The line containing "Enjoy this lovely" marks the end: extract everything from the first line of the data through that line, exactly, with no pictures.
..........
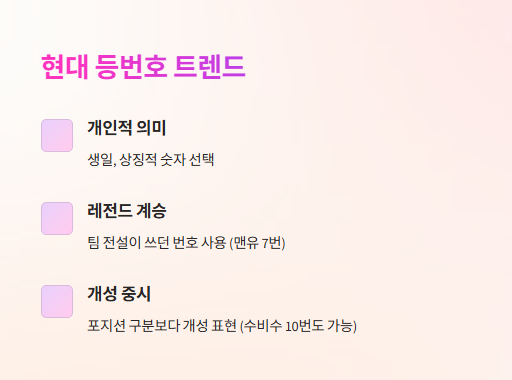 - ‘레전드 계승’ 등번호 사용: 팀의 전설이 쓰던 번호 사용 (ex. 맨유 7번)
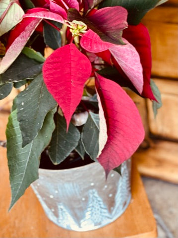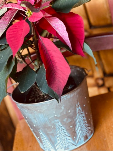 Enjoy this lovely tin canister holder and fresh poinsettias to add a touch of holiday chic to your home.
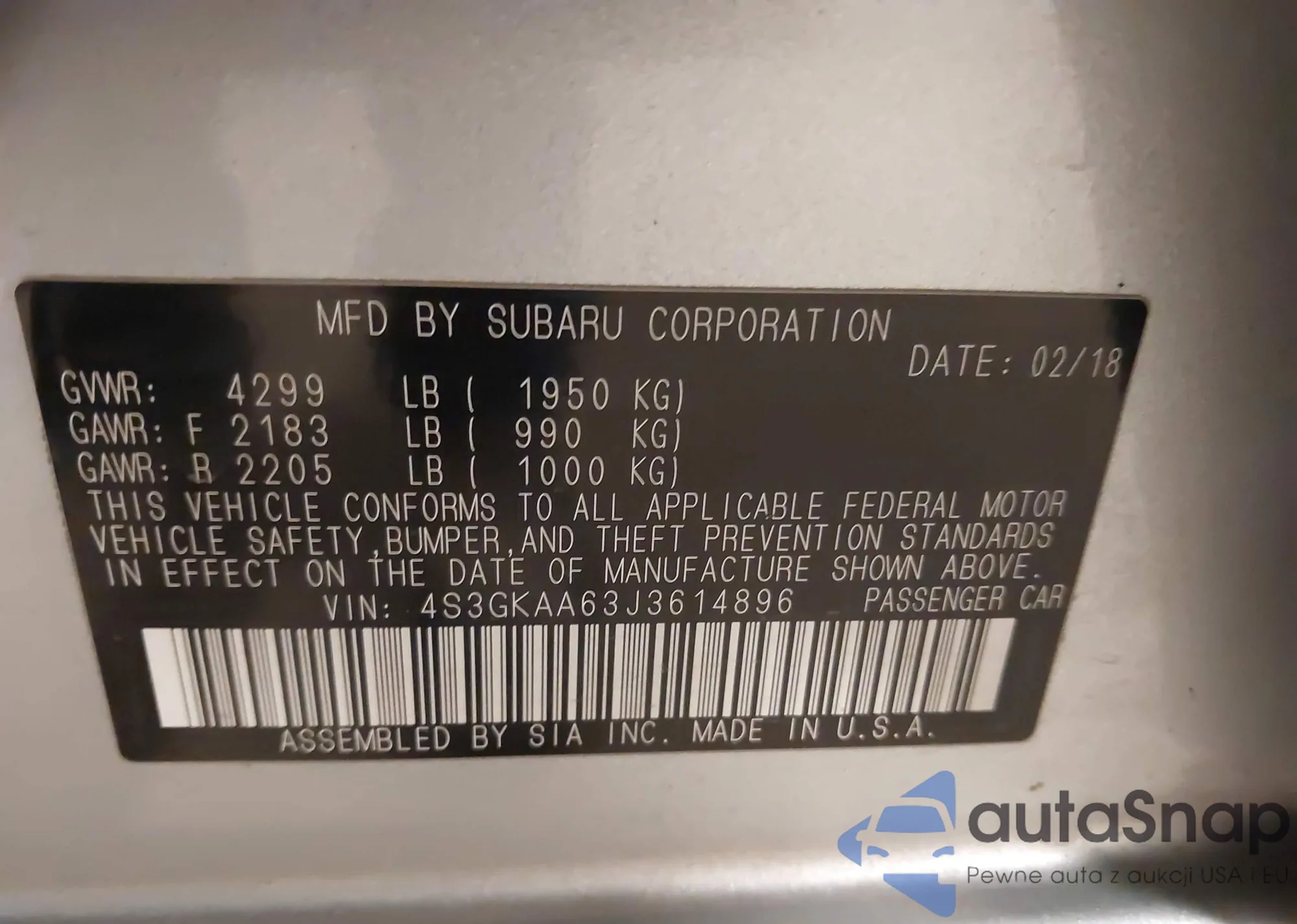 Автомобиль Subaru Impreza 2018 (VIN 4S3GKAA63J3614896) ранее не участвовал в торгах. Документы чистые, пробег соответствует или ниже среднего по рынку. Продаётся страховой компанией — рекомендуем покупку. Доставка в порт займет около 6–8 недель.
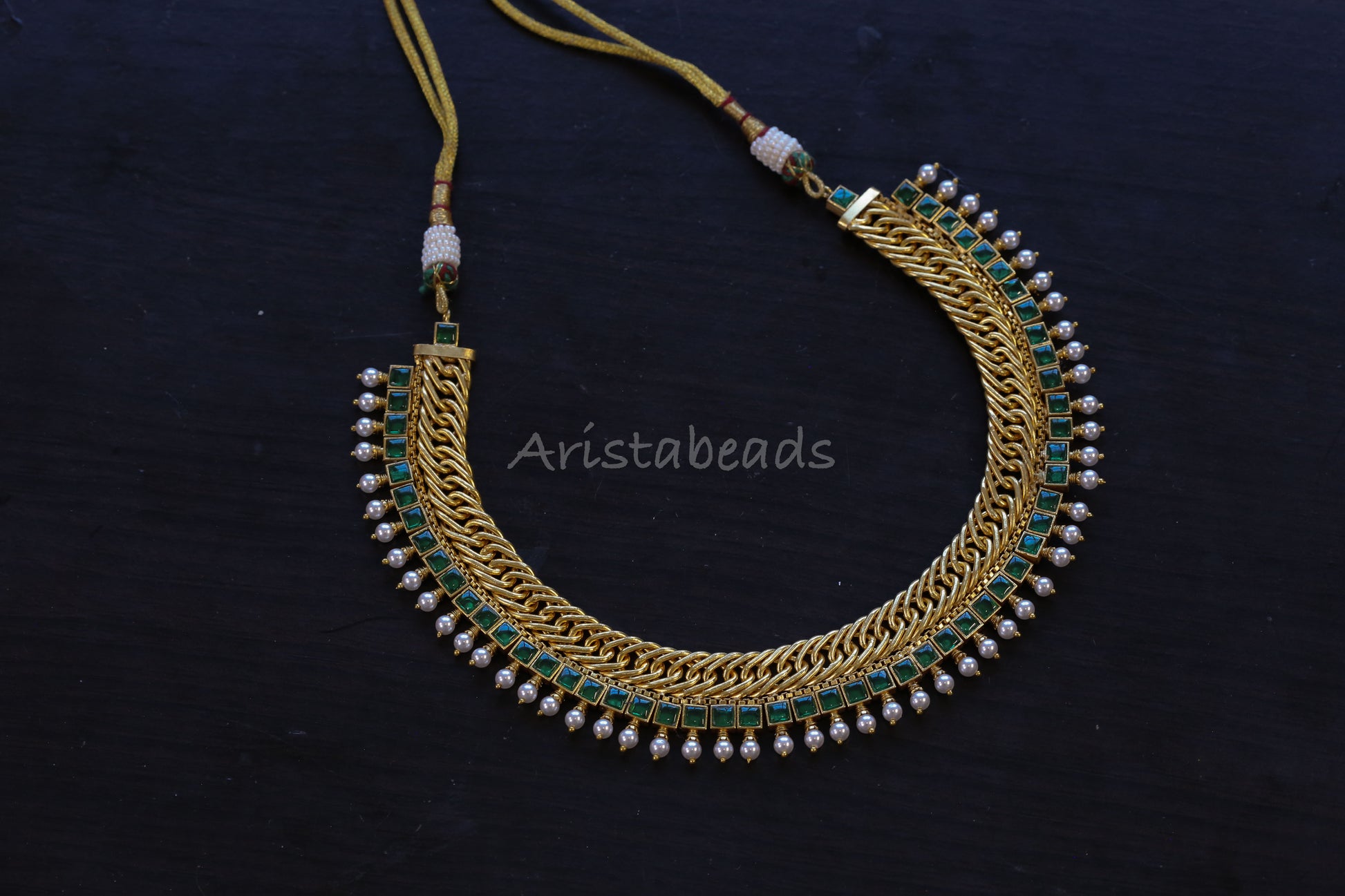 Reversible Shell Pearls Handmade Jalebi Necklace - Green (103-95)
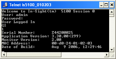 ビジョンシステムは、まず、1 を返すことにより、コマンドが正常に実行されたことを示します。以下の行には、システム情報が報告されます。
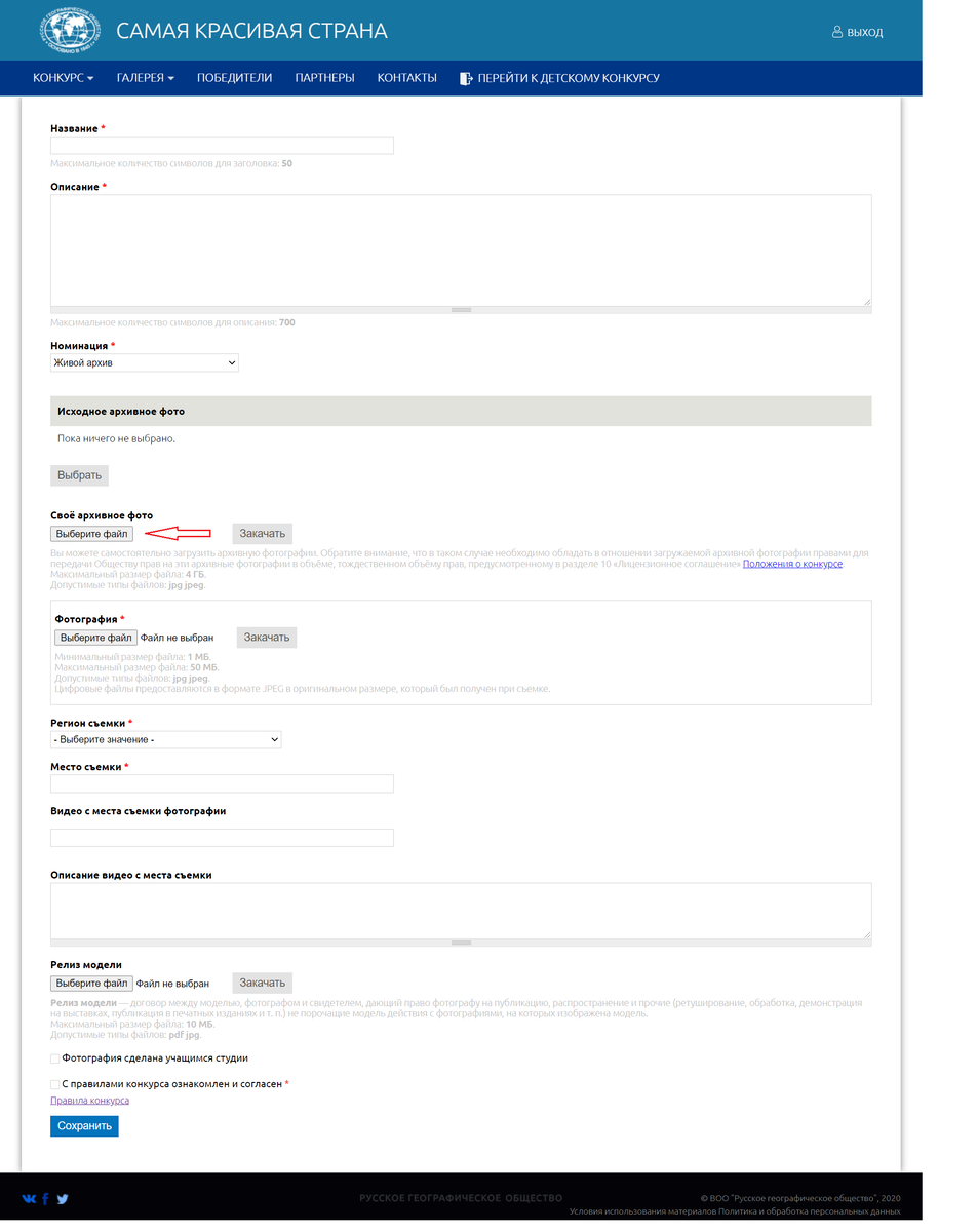 Некоторые номинации имеют свои особенности при загрузки на сайт, это номинация “Живой архив”.
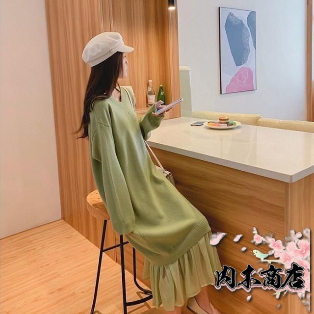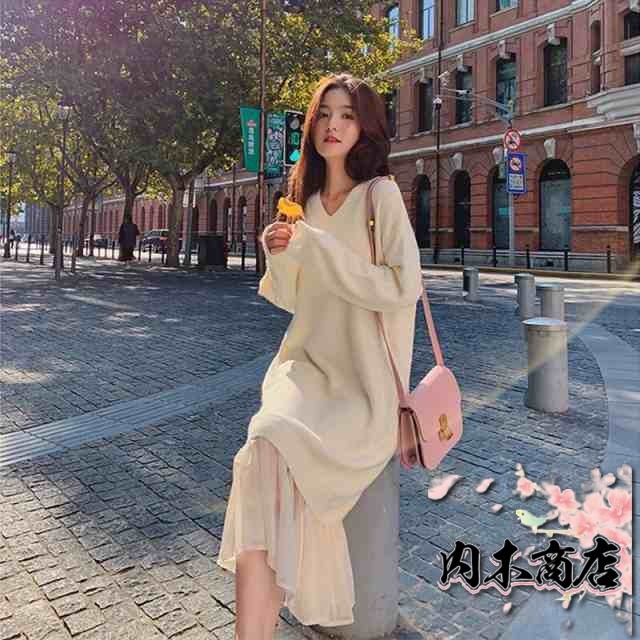 全4色 vネック ロング丈 ニットワンピース ニット ワンピース レディース 秋 冬 春 長袖 きれいめ 厚手 ゆったり 大きいサイズ 裾 切り替え プリーツ ロングワンピース 厚手 体型カバー 上品 ベージュ
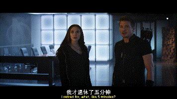 因为索科维亚协议美队与钢铁侠闹翻,各英雄开启了站队模式。退休的克林特·巴顿重返战场,听从美队的号召把猩红女巫从斯塔克大厦“解救”了出来,顺便还不忘吐槽一下:
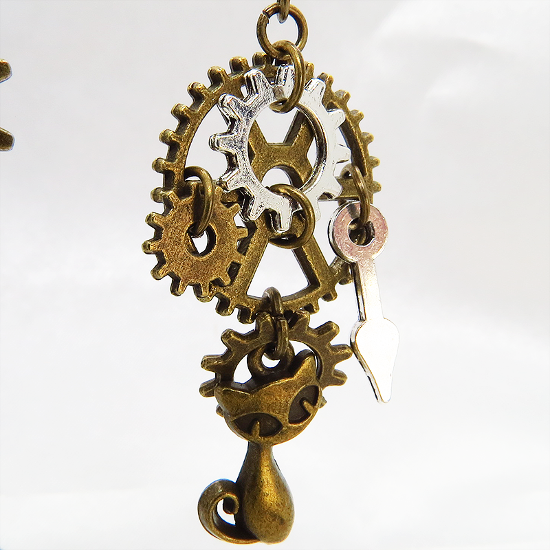猫とロザリオを歯車にそれぞれ組み合わせた、スチームパンク風のアシンメトリーピアスです
..........
--- THE COMPLETED TASK ---
 - ‘레전드 계승’ 등번호 사용: 팀의 전설이 쓰던 번호 사용 (ex. 맨유 7번)
 Enjoy this lovely tin canister holder and fresh poinsettias to add a touch of holiday chic to your home.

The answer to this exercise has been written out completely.